That system was essentially managed by the Bank of England and by Lombard Street, where most of the world's savings and available liquidity resided. It lasted until the First World War whereupon it was replaced by the "gold exchange standard," which differed from its predecessor in that it was the central banks' gold reserves that regulated the supply of banknotes, and not those of private-sector banks.
The reserves of private-sector banks were in the form of central bank notes. The reserves of the central bank were in gold. The world's major central banks agreed with each other on an initial gold-price of their currencies and thus fixed the exchange rates of their currencies. If a central bank were losing gold reserves, it would arrange for a depreciation of its currency: if it were increasing its gold reserves, it would arrange for its appreciation.

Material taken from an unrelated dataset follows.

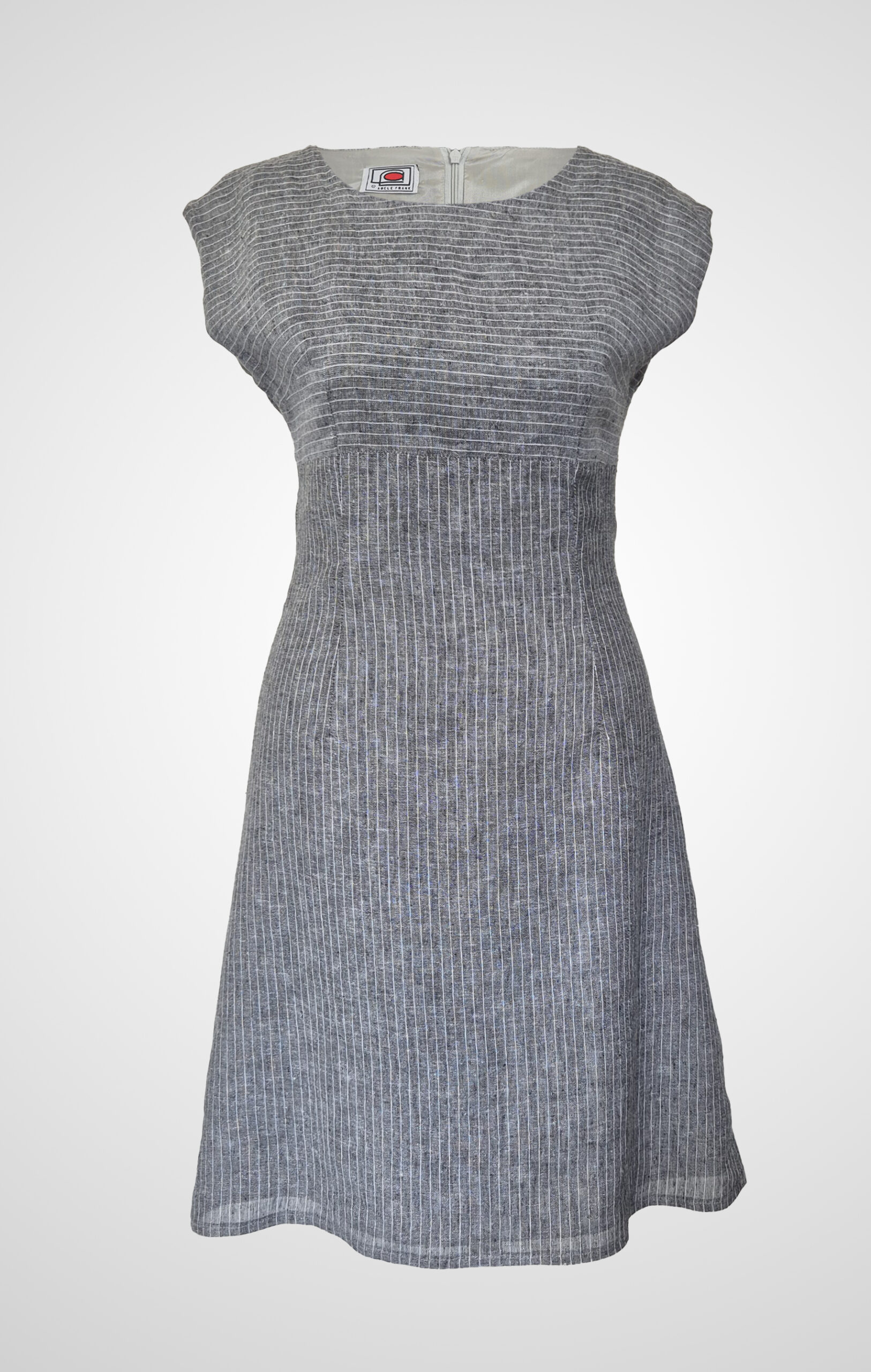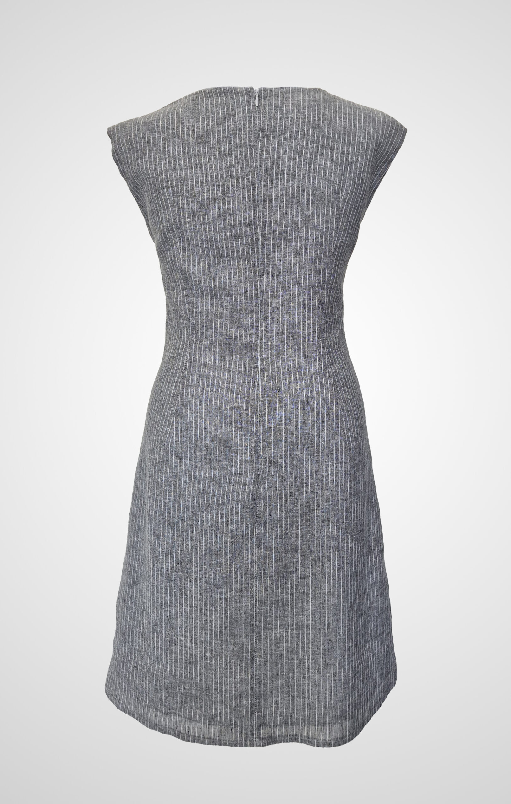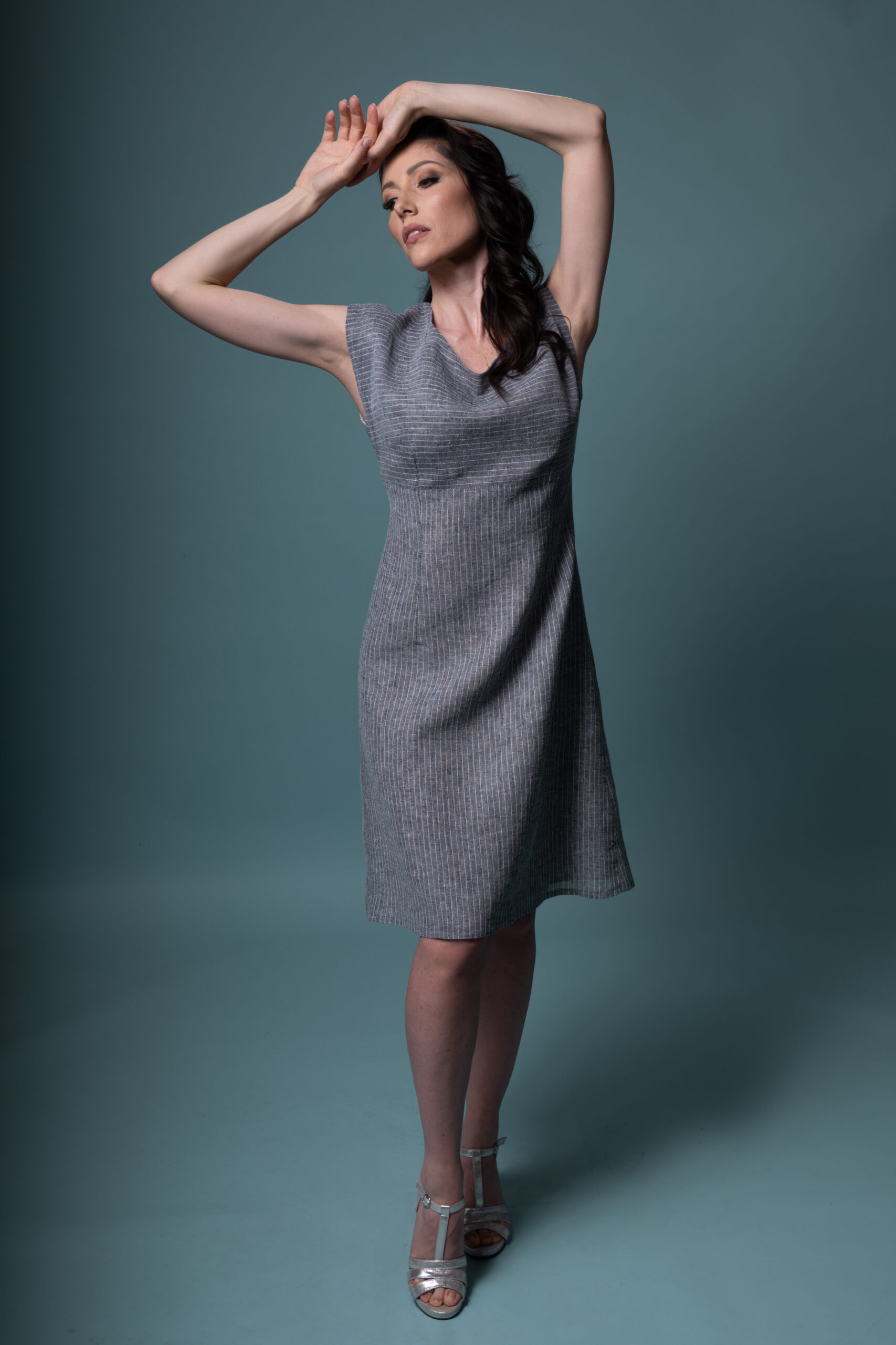 Luna Alba — Latin for “white moon” — evokes quiet luminosity and refined elegance. This empire silhouette dress features minimal dropped shoulders and a feminine underbust seam. Together, they create a sculptural yet fluid shape. Made from pure linen in soft grey and white stripes, the fabric is lightweight yet structured. Fully lined in natural fibres, it strikes a perfect balance between structure and lightness. This dress embodies the essence of sustainable luxury.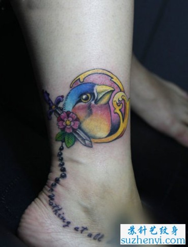 腿部彩色小鸟纹身_腿部纹身图案大全_纹身图吧

After the Second World War, the Bretton Woods system restored the gold exchange standard, The exchange rates that were initially set between the U.S. dollar and the European and Japanese currencies were understood to be temporary and subject to revision when the war-ravaged economies of Europe and Japan were restored to full capacity. The intent of the initial Bretton Woods exchange rates was to give a considerable comparative advantage to the destroyed economies.
When, however, Japan. Germany, and the other European countries had fully recovered, they refused to renegotiate their exchange rates with the United States. The deliberate--and by agreement temporary--overvaluation of the dollar at the end of the Second World War proved politically impossible to remedy. and soon gave rise to American trade deficits and the draining of U.S. gold reserves. At some point, the Nixon administration presented a set of alternative solutions to the European allies: either all countries together would devalue their currencies with respect to gold (i.e., set a new higher official price for gold) or European countries would begin to share in the costs of the military defense of Europe (which had been getting a free ride throughout the Cold War).
French President Georges Pompidou and British Prime Minister Edward Heath (an early Europhile) led the opposition to the U.S. proposals. Europe would neither pay for its defense, nor revalue gold. The only solution acceptable to France. England, and later also the Socialist West German Chancellor Willy Brandt, was for the U.S. dollar alone to be devalued against gold. Implicit in the demand was that even talk about devaluing the dollar would trigger a run on American gold reserves. France was in essence organizing a run on the dollar in the expectation that gold would replace it as the world reserve.
To rub salt on the wounds, on August 4, 1971, France demanded that some $190 million of American gold be used to repay the last installment of France's debt to the International Monetary Fund. It was eleven days later that Nixon announced the decoupling of the dollar from gold, ending the age of the gold exchange standard. For the first time in its history, mankind began to organize its transactions on the basis of fiat money alone. We called it the "floating exchange rate" system. A better name would have been the "fiat-money exchange standard" system.
The world is now in the fourth decade of managing this "fiat-money exchange standard" system and there is nothing on the horizon to replace it. What lessons can be drawn from the three previous decades of this type of monetary management?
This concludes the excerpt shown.